**Given records:**
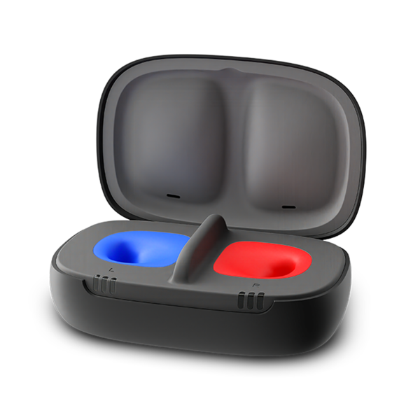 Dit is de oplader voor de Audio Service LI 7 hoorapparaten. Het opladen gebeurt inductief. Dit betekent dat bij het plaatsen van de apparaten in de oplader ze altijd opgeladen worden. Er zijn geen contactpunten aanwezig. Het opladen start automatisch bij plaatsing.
* * *
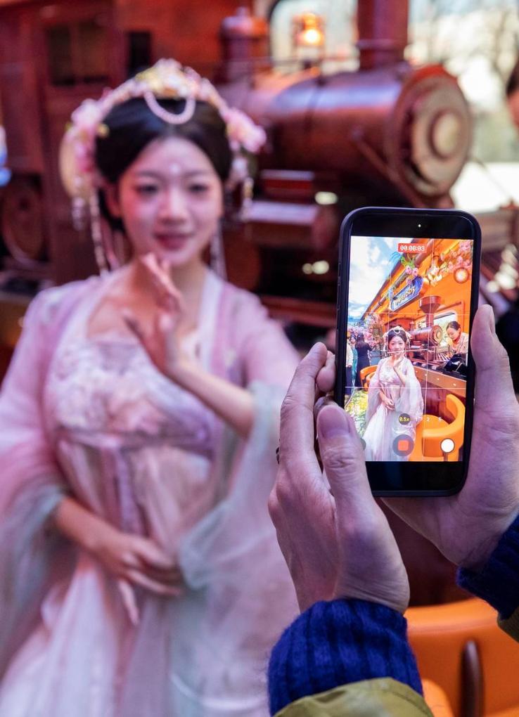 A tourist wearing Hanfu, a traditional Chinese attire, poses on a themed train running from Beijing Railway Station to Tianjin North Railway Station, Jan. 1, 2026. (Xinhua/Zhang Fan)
* * *
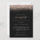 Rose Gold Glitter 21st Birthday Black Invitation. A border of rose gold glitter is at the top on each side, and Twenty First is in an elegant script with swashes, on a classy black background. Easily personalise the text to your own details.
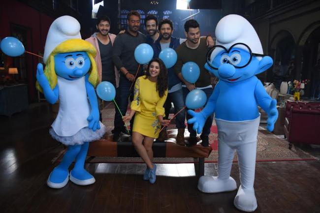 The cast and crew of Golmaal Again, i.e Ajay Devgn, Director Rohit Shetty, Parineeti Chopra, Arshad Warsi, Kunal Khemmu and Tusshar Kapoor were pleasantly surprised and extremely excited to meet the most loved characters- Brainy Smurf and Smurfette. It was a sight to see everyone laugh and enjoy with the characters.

**Work item:** Although the records hold pictures, the copy must not; give again exactly the lines from the one with "Rose Gold Glitter 21st" through the one with "The cast and".

**Completed exercise:**
 Rose Gold Glitter 21st Birthday Black Invitation. A border of rose gold glitter is at the top on each side, and Twenty First is in an elegant script with swashes, on a classy black background. Easily personalise the text to your own details.
 The cast and crew of Golmaal Again, i.e Ajay Devgn, Director Rohit Shetty, Parineeti Chopra, Arshad Warsi, Kunal Khemmu and Tusshar Kapoor were pleasantly surprised and extremely excited to meet the most loved characters- Brainy Smurf and Smurfette. It was a sight to see everyone laugh and enjoy with the characters.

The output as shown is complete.